The teacher shoots me an exasperated look and scrambles to his feet. “You weren’t even wearing your safety goggles, young lady. If your lab partner hadn’t jumped in front of you, that explosion might have hit you in the face.”
“I—I’m sorry,” I repeat. God, this is so embarrassing. The entire class has gathered to stare at the foam disaster around us. Mike is nudging Grayson and laughing under his breath at me. And our teacher isn’t planning on making me feel any better about myself.
“Well, this was barely an experiment, people,” he announces. “But one student has already demonstrated what happens when you don’t follow instructions. Thank you, Rain.”
I hang my head and mouth a silent “sorry” to the class, hoping to coax a smile from Mr. Green and maybe a brief nod of forgiveness, but he turns his back to me and marches to the front of the room without another word. As the rest of the class slowly drifts over to their stations, I get up off the floor and walk over to Liam, who’s pulling paper towels from the dispenser on the wall.
“Thank you,” I say to him bashfully.
He stops what he’s doing and turns to stare at me. “For what?”
“Jumping in front of me,” I explain. “I would have been hurt if you hadn’t done that.”
He shrugs and goes back to gathering napkins. “That was just instinct. You were right in front of the flask. And you were too busy yelling at me to notice that it was erupting.”
“Yeah, I know. I’m really sorry about that too.”
My earlier anger feels pretty pale now, especially since he may have just saved me from a trip to the hospital. “Can we just forget about it and start again?”
“Forget about what? I have no idea why you were angry at me in the first place. What did I do?”
“Just leave it, okay? It feels kind of stupid.”
“Maybe to you.
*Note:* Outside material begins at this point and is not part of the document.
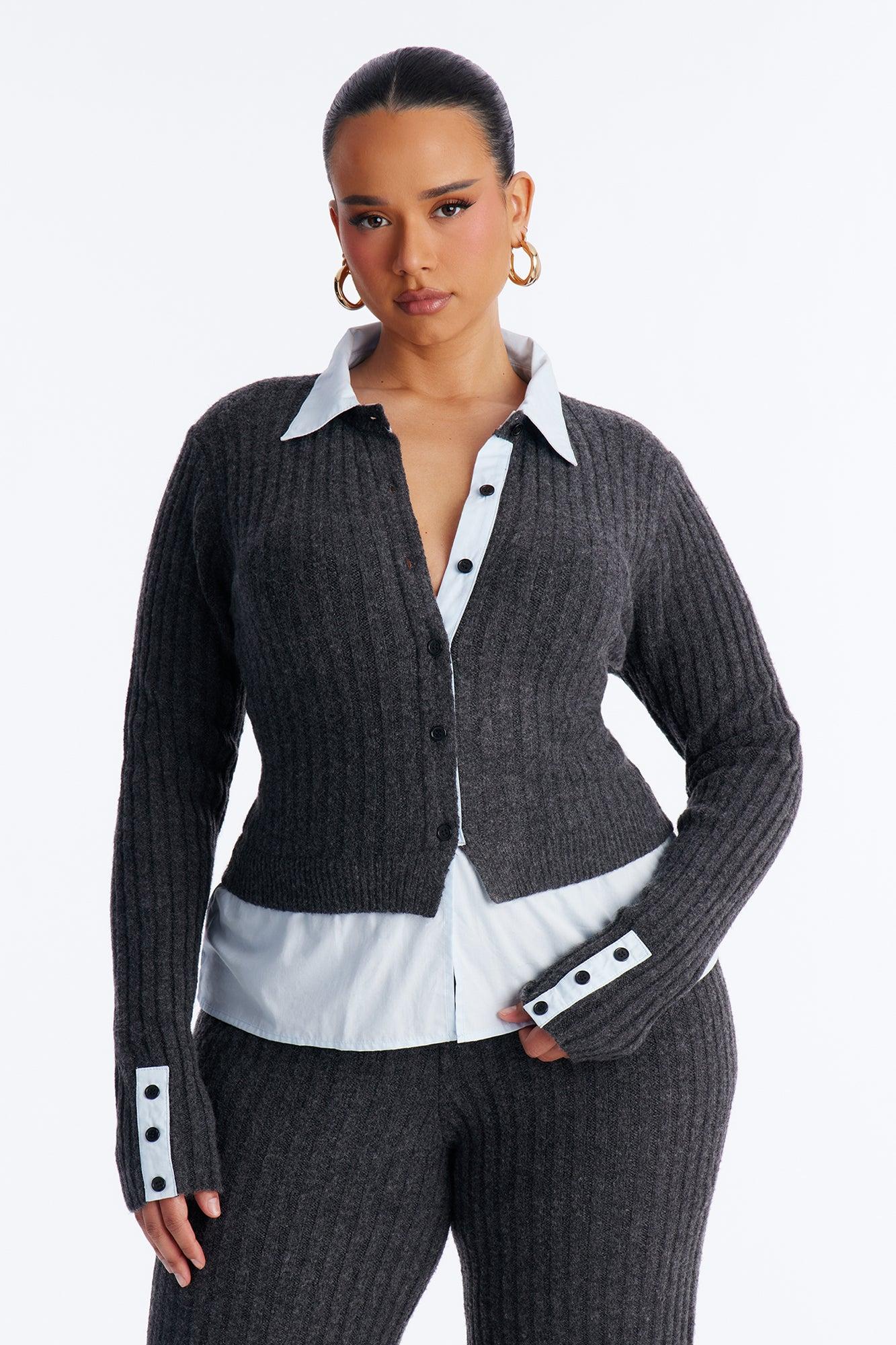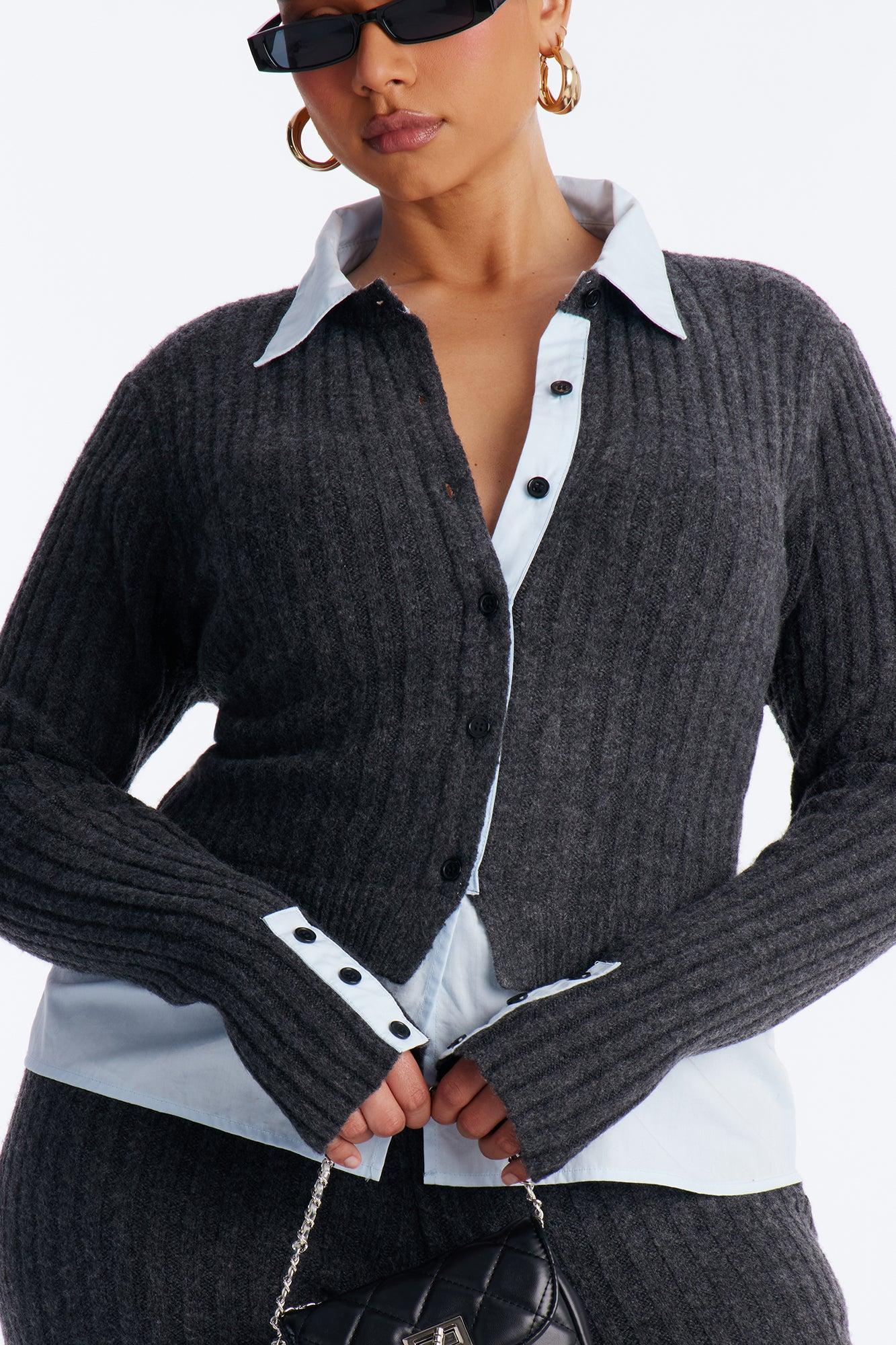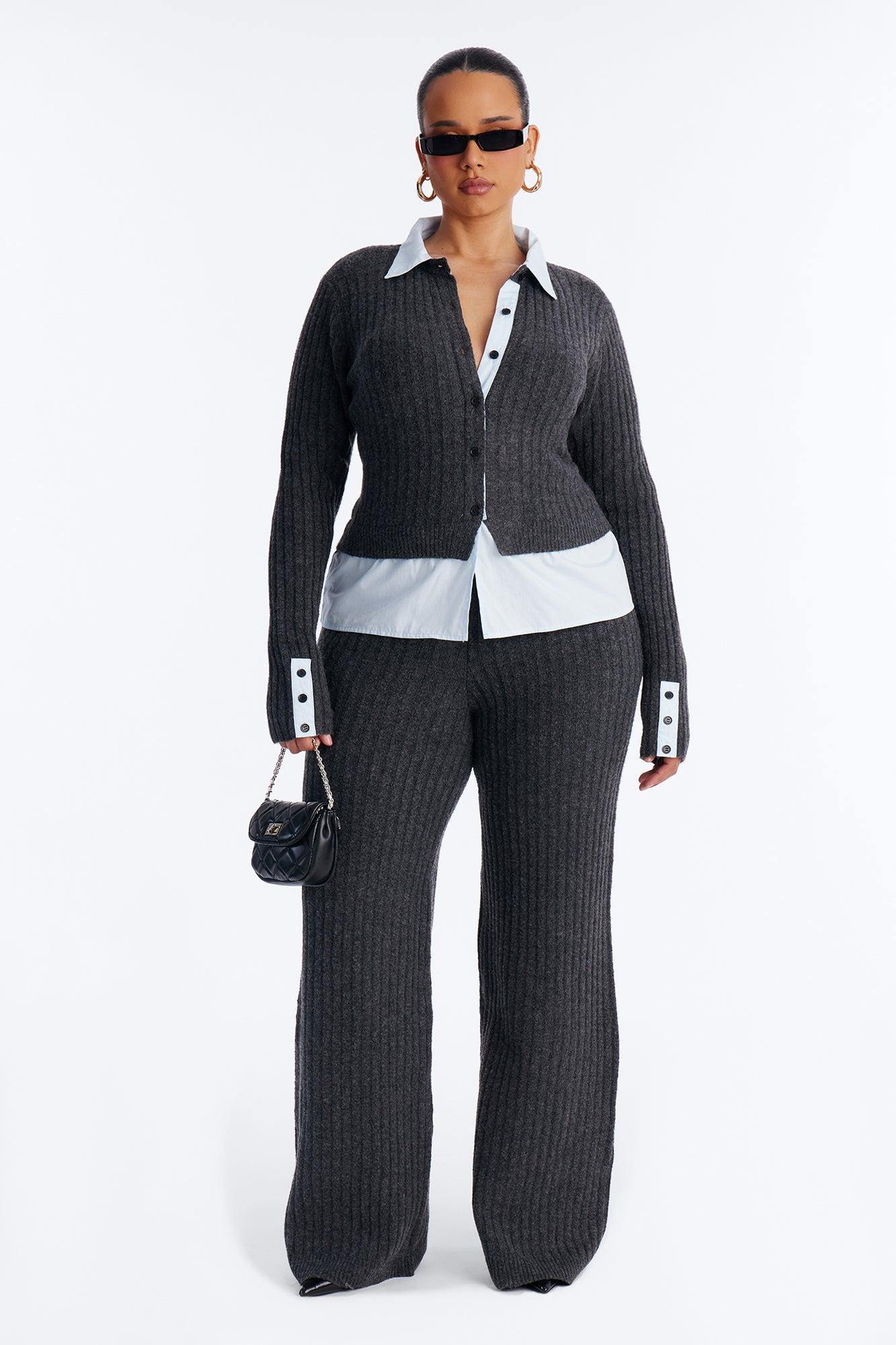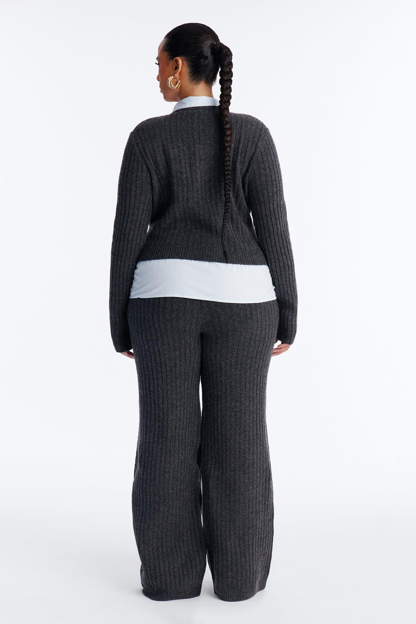 Lazy Monday Collar Sweater Wide Leg Pant Set - Charcoal Female
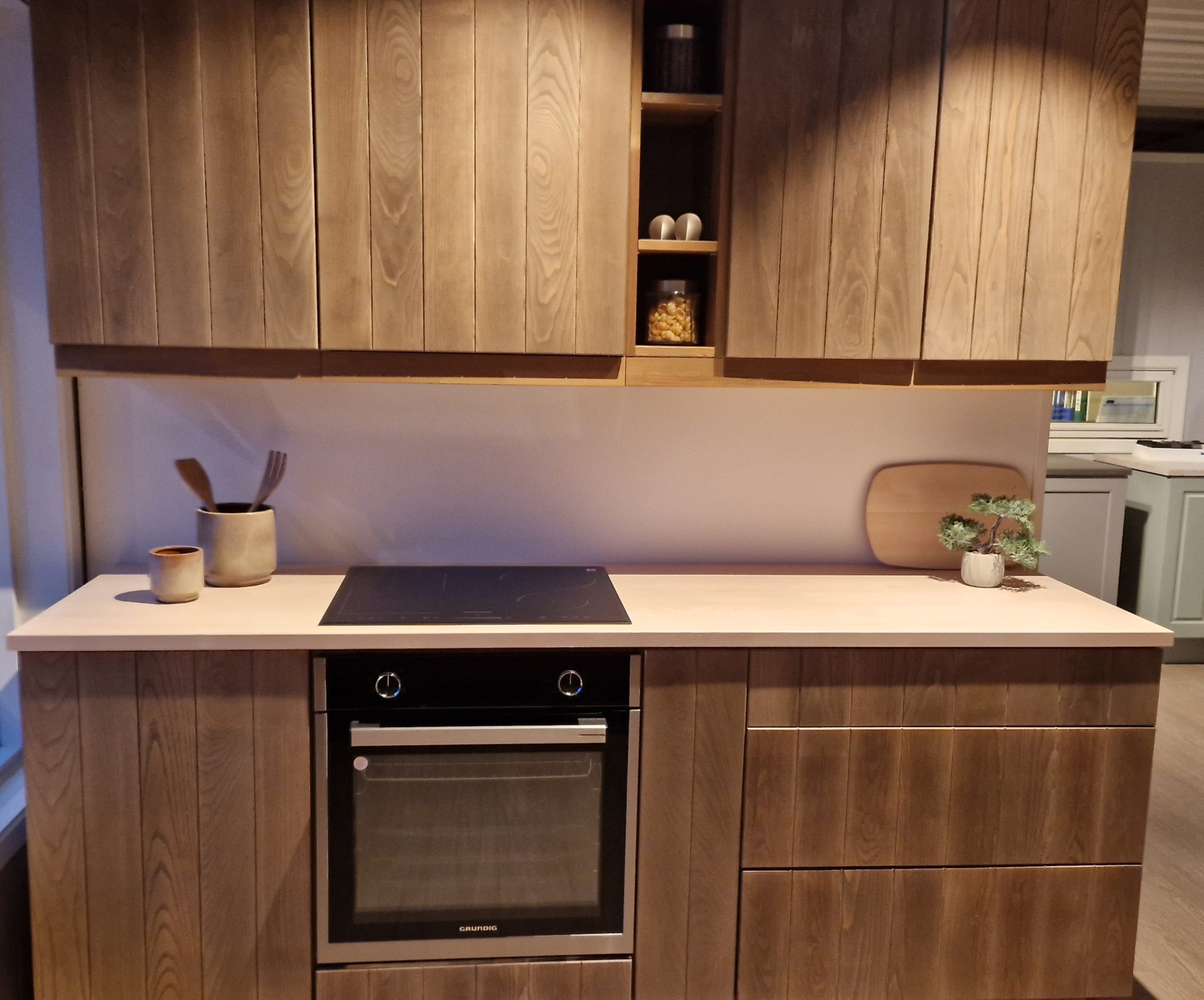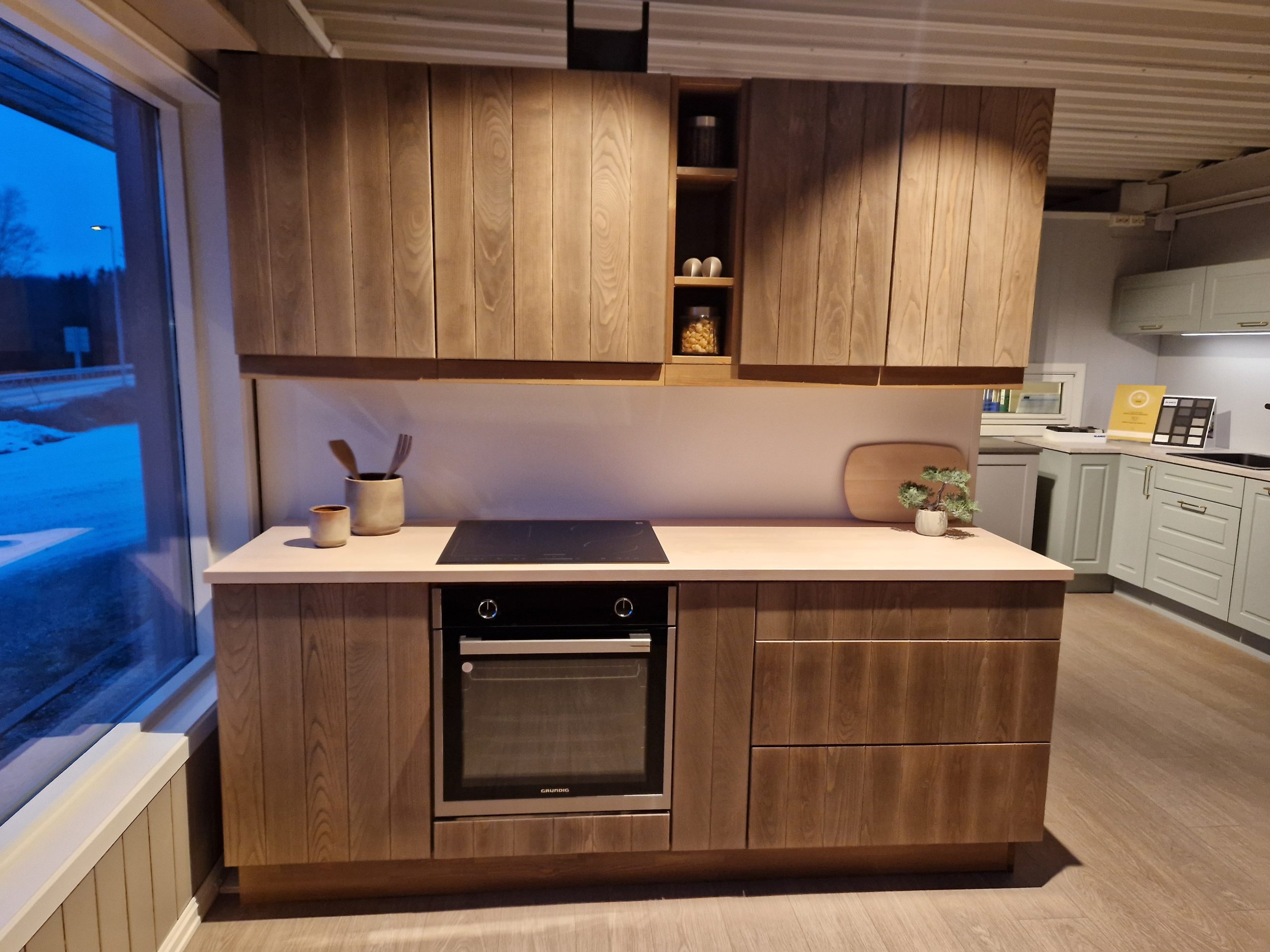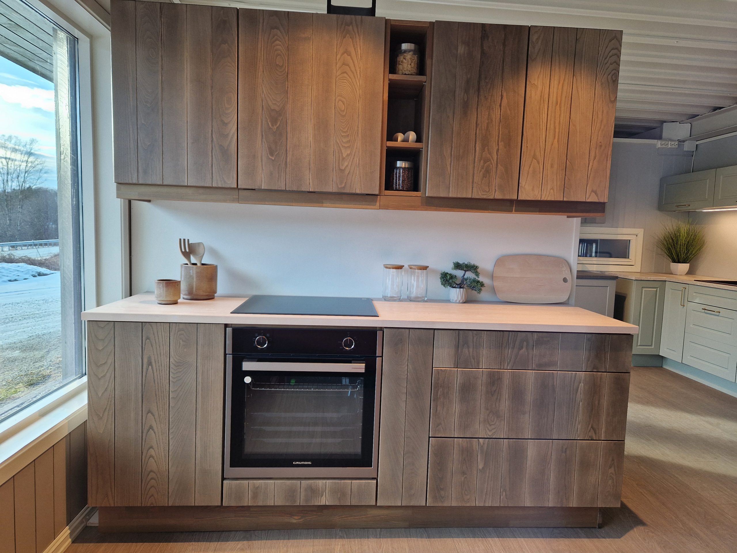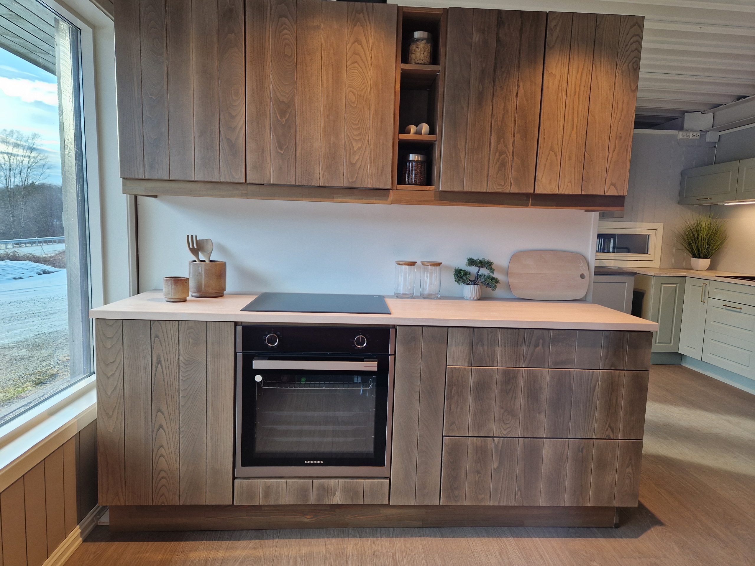 Eit kvalitetskjøkken med furu skrog og frontar i 3 lags ASK. Her vist med vertikale profiler beisa i fargen drivved.

But I want to know what I did.”
It’s a chore carrying around this grudge already, and I’ve only had it for an hour. I try vainly to revive my feelings from the morning, try to refresh the righteous outrage I’d felt. But when I finally say the words, they come out like an apology, rather than an accusation. “In the hallway this morning, Marcus told me that you said—”
“Yeah?” He still looks blank.
“You don’t remember? You called Ethan—”
“I didn’t say anything about your brother,” he protests. “I actually thought the way you told off Mike was pretty awesome…if a little pointless.”
“Pointless?”
“Well, you’re never going to get people like Mike to change.”
His meaning hits me like a lightning bolt. “Oh, god. You called Mike a retard, not—”
“Yeah. What did you think?” His face falls suddenly, and he shakes his head. “Oh. Oh.”
“Yeah, I’m an idiot.” I want to hide my face; my cheeks feel like they’re on fire. Why hadn’t I guessed that earlier?
He laughs at my remorseful expression. “No, it’s fine. I probably shouldn’t have used that word, even to describe Mike. I get why you were upset.”
“Well, I should have at least given you the benefit of the doubt.”
He brushes the last puffs of foam from his shoulders. “It’s okay. It’s not like you know me or anything.”